“The Autoimmune Neurology Patient Day was an opportunity for patients, family, and friends to learn more about the latest advances in Autoimmune neurology and to share experiences with other Autoimmune patients and caregivers.” – University of Utah Health
RUN was honored to have a table at the event!
We met new local patients as well as many patients living out-of-state that travel to be treated here at the University of Utah Neurology Department.
They used the large room to show patients about the TRAILS program at the U. They have adaptive equipment to get the patients out to play! Learn more at TRAILS: Technology Recreation Access Independence Lifestyle Sports
My three children are growing up to be incredible advocates for themselves as well as for the undiagnosed rare disease community.
Ava spoke to some of the patients and explained how she is shunt-dependent. We educated and advocated that we believe undiagnosed is a diagnosis if you cannot find the root cause of your disease processes. We shared about RUN’s network and handed out local and national resources.
We met a wonderful elderly woman. We chatted for awhile. Once she learned how we are living in the world of the undiagnosed and unknown, she walked off and said quietly, “Hoooow awwwwfuuuul.”
Ava and I looked at each other and laughed. We both said something at the exact same time.
“It is awful.” – Ava and Gina
We must find the humor in life and persevere, right?
Ava was in pain on the way to the event. I asked her if she wanted to turn around and go home. She said, “I would be in pain at home. I would rather be meeting new people and maybe we can help them.”
In all honesty, I was in pain too. We both persevered through the event and it was worth it. It is important to our family to help patients and their families by giving them resources and to let them know that they are not alone.
We met inspiring patients and we listened to their every word. Everyone has a journey. They may not be undiagnosed like us but they definitely understand the diagnostic odyssey very well. Most of the elderly patients told me it took years for them to finally receive a concrete diagnosis after multiple misdiagnoses.
We hope to continue on our journey to meet new rare and undiagnosed patients as well as anyone that is living with a chronic illness, invisible illness or suffers in pain. We are here for you and we support you.
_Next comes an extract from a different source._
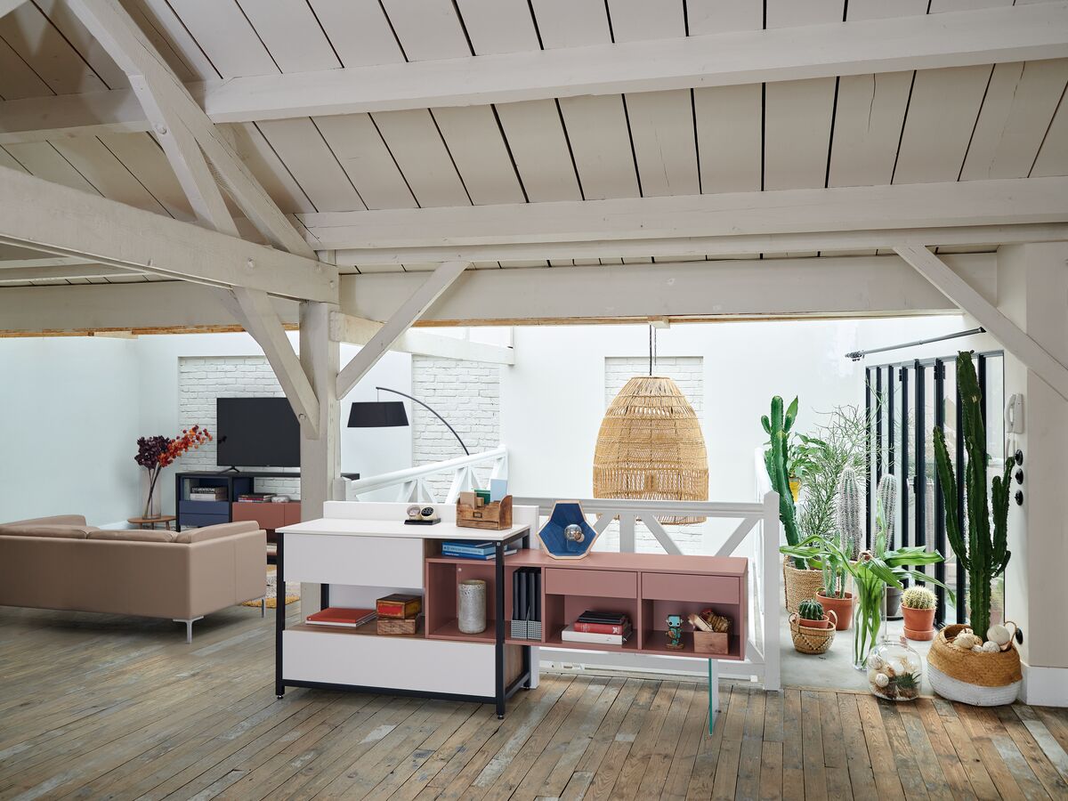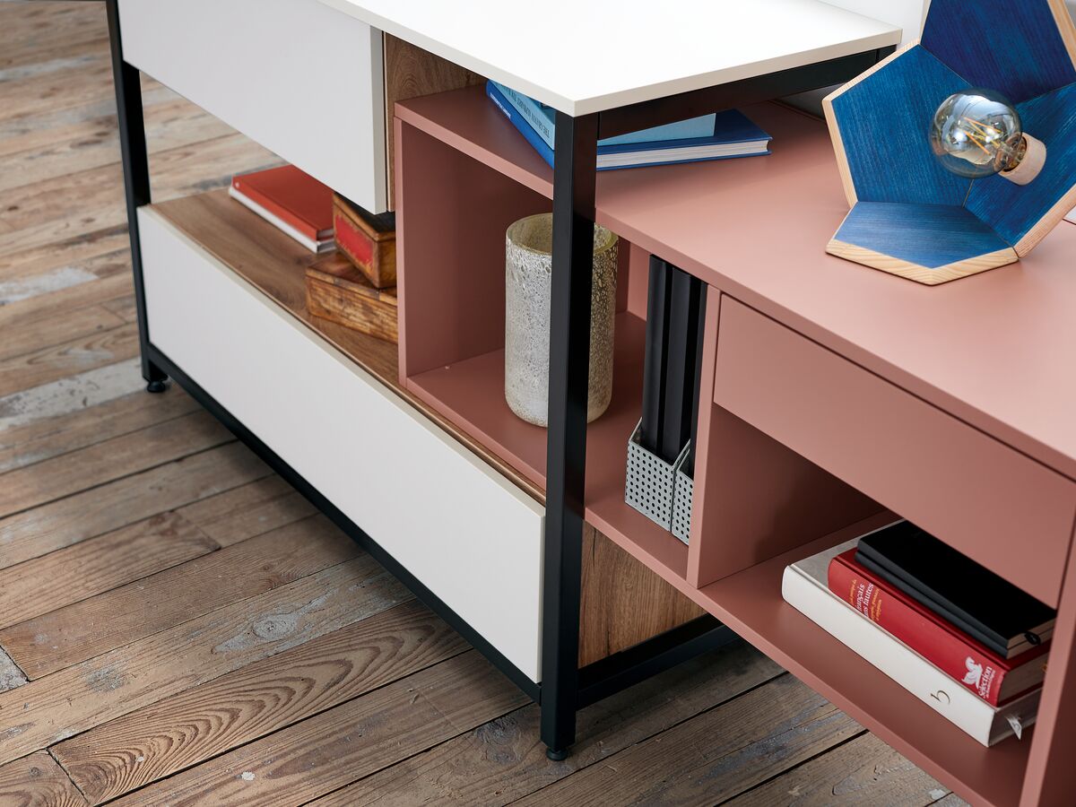 Cette commode bureau 2-en-1 combine rangements pratiques et petit secrétaire intégré pour offrir une solution aussi fonctionnelle qu’esthétique. Compacte et élégante, elle trouve facilement sa place dans un salon ou une chambre. Son design « style indus » est sublimé par un pied en verre qui crée un effet suspendu, léger et contemporain. Un meuble ingénieux qui associe praticité et raffinement au quotidien.

The event was a huge success and we hope to be a part of it again next year!
A special thank you to Dr. Stacey Clardy and her entire team for inviting the Rare and Undiagnosed Network to be at their event! You are not only an incredible advocate for me, you are an advocate for the entire rare and undiagnosed community. You are such an inspiration. You continue to fight for all of us and you are knocking down walls left and right. Thank you for all you continue to do for so many patients. You are one of the very best! It is a true blessing to have you on my medical team and to call you a dear friend.